Aus: No carbon tax compensation for small and medium business

THE financial year has turned and federal parliament has risen for its winter recess. Both events herald extra costs and red tape for business.

From July 1, the carbon tax kicked in. It got a reaction in the business community as icy as the Canberra winter. It’s not only costly, but environmentally ineffective. Australia going alone cannot turn around global warming.

No government should be imposing a tax on any of its citizens if the purpose of the tax cannot be delivered.

For small and medium businesses the tax is especially unfair. Like households, they get higher energy costs imposed with no bargaining power against the big energy companies. But unlike households, small businesses get no compensation, not an iota. They are left fully exposed to the extra costs.
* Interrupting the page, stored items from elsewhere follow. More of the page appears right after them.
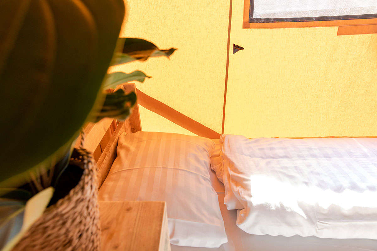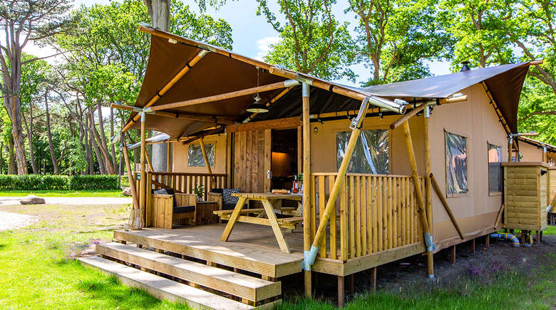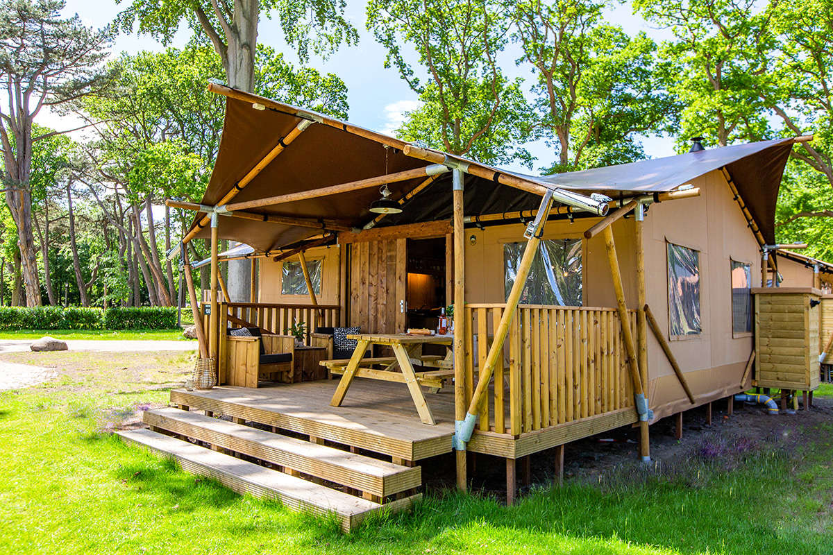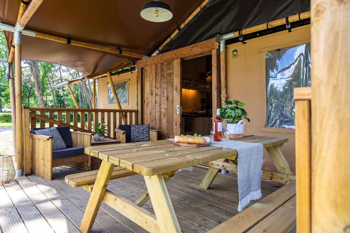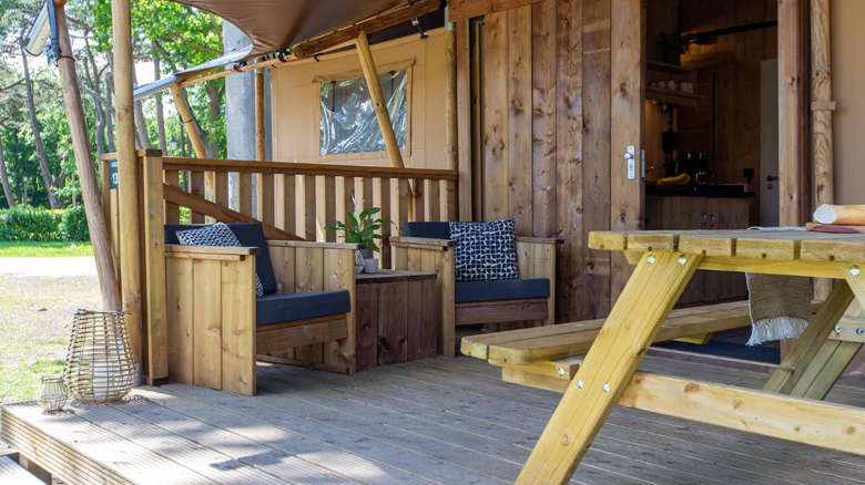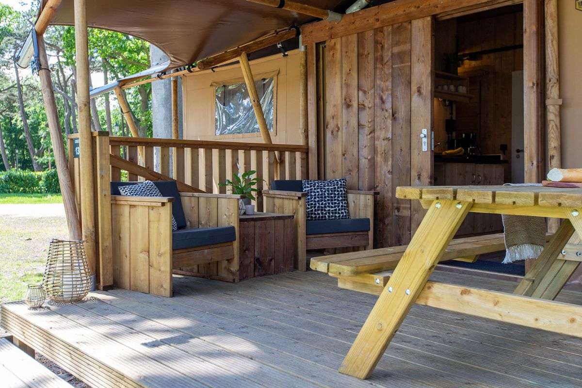 De Lodgetenten zijn van alle gemakken voorzien. Mede door de overkapte veranda en steigerhouten meubels kun je in deze Lodgetenten ultiem genieten van het buitenleven.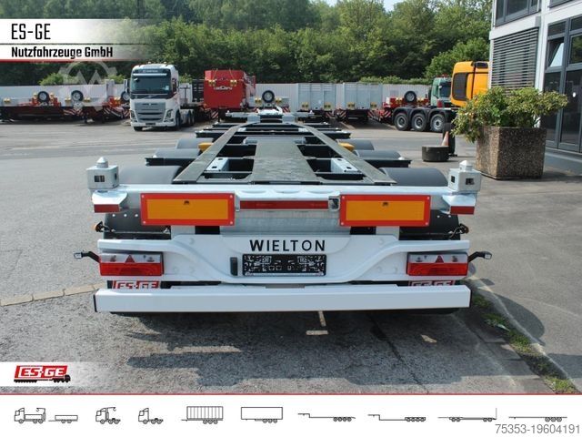 Configuration for the transport of containers: 45', 40' HC, 30', 20' center, 20' rear, 2x20', 40' ISO. Frame adjustment for a 40' ISO container. Rear pneumatic extension with additional mechanical locking pin. Container Master 45' R2. Extendable bumper. Steel underrun protection.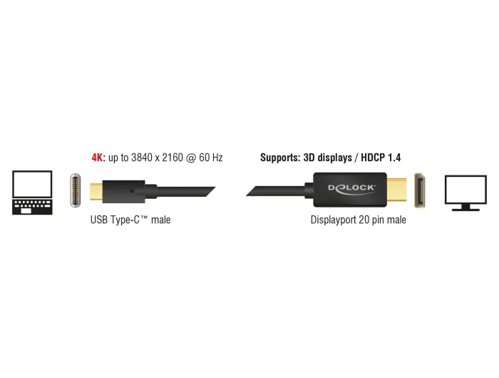 Questo cavo Delock consente il collegamento di un monitor DisplayPort ad un PC o laptop con la porta USB-C™ o Thunderbolt™ 3, quali MacBook o Chromebook. L'interfaccia deve supportare la modalità alternativa DisplayPort.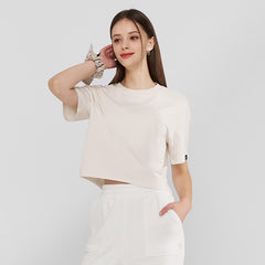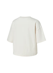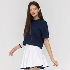 The relaxed round neckline provides a comfortable fit without any sense of tightness, While the inner seam is encased with the same fabric to prevent stretching.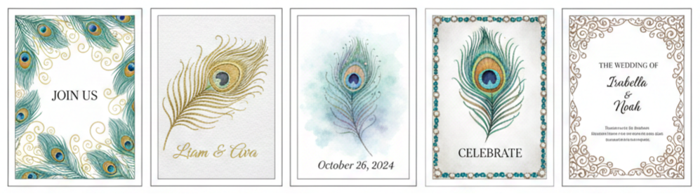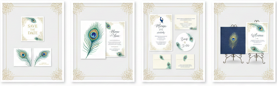 - Feather illustrations: Detailed peacock feather art adds instant charm. Some designs use full-feather borders, while others add subtle accents.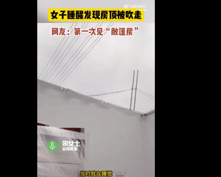 女子睡醒发现房顶被吹走 当时九级大风这睡得也太死了吧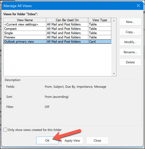 - Press OK in the Manage All Views box to save your settings.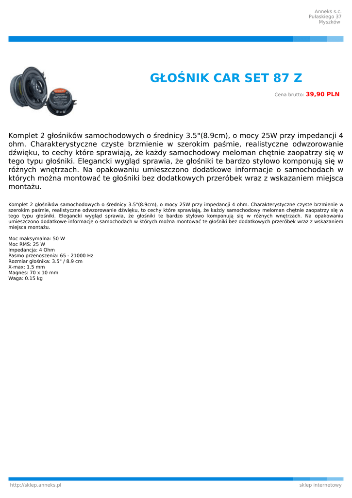 Anneks s.c. Pułaskiego 37 Myszków GŁOŚNIK CAR SET 87 Z Cena brutto: 39,90 PLN Komplet 2 głośników samochodowych o średnicy 3.5"(8.9cm), o mocy 25W przy impedancji 4 ohm. Charakterystyczne czyste brzmienie w szerokim paśmie, realistyczne odwzorowanie dźwięku, to cechy które sprawiają, że każdy samochodowy meloman chętnie zaopatrzy się w tego typu głośniki. Elegancki wygląd sprawia, że głośniki te bardzo stylowo komponują się w różnych wnętrzach. Na opakowaniu umieszczono dodatkowe informacje o samochodach w których można montować te głośniki bez dodatkowych przeróbek wraz z wskazaniem miejsca montażu. Komplet 2 głośników samochodowych o średnicy 3.5"(8.9cm), o mocy 25W przy impedancji 4 ohm. Charakterystyczne czyste brzmienie w szerokim paśmie, realistyczne odwzorowanie dźwięku, to cechy które sprawiają, że każdy samochodowy meloman chętnie zaopatrzy się w tego typu głośniki. Elegancki wygląd sprawia, że głośniki te bardzo stylowo komponują się w różnych wnętrzach. Na opakowaniu umieszczono dodatkowe informacje o samochodach w których można montować te głośniki bez dodatkowych przeróbek wraz z wskazaniem miejsca montażu. Moc maksymalna: 50 W Moc RMS: 25 W Impedancja: 4 Ohm Pasmo przenoszenia: 65 - 21000 Hz Rozmiar głośnika: 3.5" / 8.9 cm X-max: 1.5 mm Magnes: 70 x 10 mm Waga: 0.15 kg http://sklep.anneks.pl sklep internetowy

None of these small business blows were costed by the government or parliament before the carbon tax was made law. Independent research the private sector commissioned to fill the gap said that energy intensive small businesses would face reductions in profitability of between 10 per cent and 20 per cent at the starting $23 per tonne carbon price.

For our trade exposed industries, the tax is not just a rise in electricity costs but also a drain on competitiveness. As a member of the Gillard government’s Business Roundtable on Climate Change I heard loud and clear the calls for compensation by globally competing industries. Their calls were understandable, but compensation only masks the symptom, not the cause. Most compensated industries now prepared to accept or go quiet on the carbon tax are only doing so because of the compensation. If and when the compensation dries up, they’re exposed, like my small business members.

What this means for Australia is more pressure on jobs. The carbon tax lowers incomes, reduces living standards and weakens job security. That’s why it’s objected to by business. And the broader community doesn’t believe that governments should trade off Australian jobs for the environment, or vice versa. Governments are elected to do the right thing on both fronts and we should hold them to that expectation.

The negative impact of the carbon tax won’t appear overnight or even in the first energy bill a small business receives after July 1. The economy does not work like that. The tax is a slow burn that seeps higher prices like ink through tissue, and creates uncompetitiveness over many weeks and months.

Claims the sky hasn’t fallen in so things must be OK are shallow. The fact that I didn’t go broke when a thief recently stole my wallet doesn’t make this wrong a right.

Adding insult to injury is the fact that promised company tax cuts from July 1 were ditched by the government in the May federal budget. That was a breach of faith because the funding basis, the mining tax, was up and running from July 1. The Prime Minister told business at the recent Economic Forum that these cuts are back on the table. Problem is, the fine print said they would have to be funded “from the business tax envelope”. In other words, if business wants a tax cut, it has to tax itself more. That’s hardly tax relief, let alone tax reform.